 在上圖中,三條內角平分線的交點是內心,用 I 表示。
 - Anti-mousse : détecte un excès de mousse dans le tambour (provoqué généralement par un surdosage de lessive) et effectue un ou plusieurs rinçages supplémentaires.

########

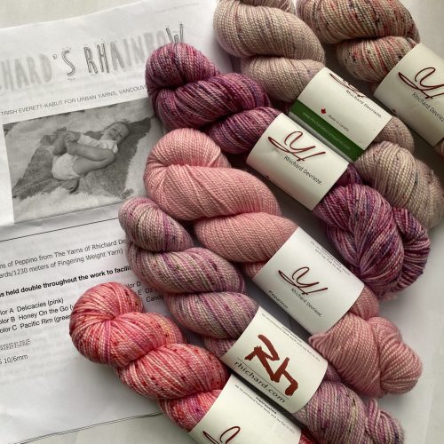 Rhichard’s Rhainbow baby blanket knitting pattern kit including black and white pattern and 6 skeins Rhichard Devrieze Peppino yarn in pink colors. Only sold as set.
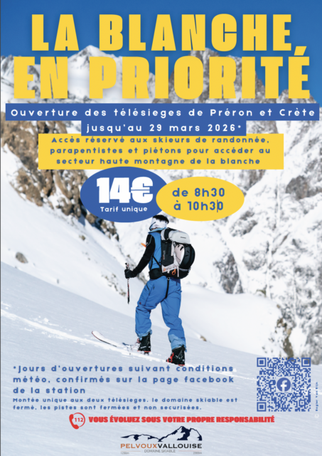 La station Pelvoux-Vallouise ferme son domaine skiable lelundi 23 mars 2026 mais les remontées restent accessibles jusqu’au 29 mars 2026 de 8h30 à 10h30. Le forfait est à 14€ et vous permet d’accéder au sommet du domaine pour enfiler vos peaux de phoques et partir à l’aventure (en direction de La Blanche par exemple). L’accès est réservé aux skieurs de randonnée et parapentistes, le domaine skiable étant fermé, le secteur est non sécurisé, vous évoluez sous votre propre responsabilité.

########

Your assignment: All lines above from the line with "在上圖中,三條內角平分線的交點是內心,用 I 表示。" through the line with "- Anti-mousse : détecte", both included, are to be set down exactly, with nothing else.

Task response:
 在上圖中,三條內角平分線的交點是內心,用 I 表示。
 - Anti-mousse : détecte un excès de mousse dans le tambour (provoqué généralement par un surdosage de lessive) et effectue un ou plusieurs rinçages supplémentaires.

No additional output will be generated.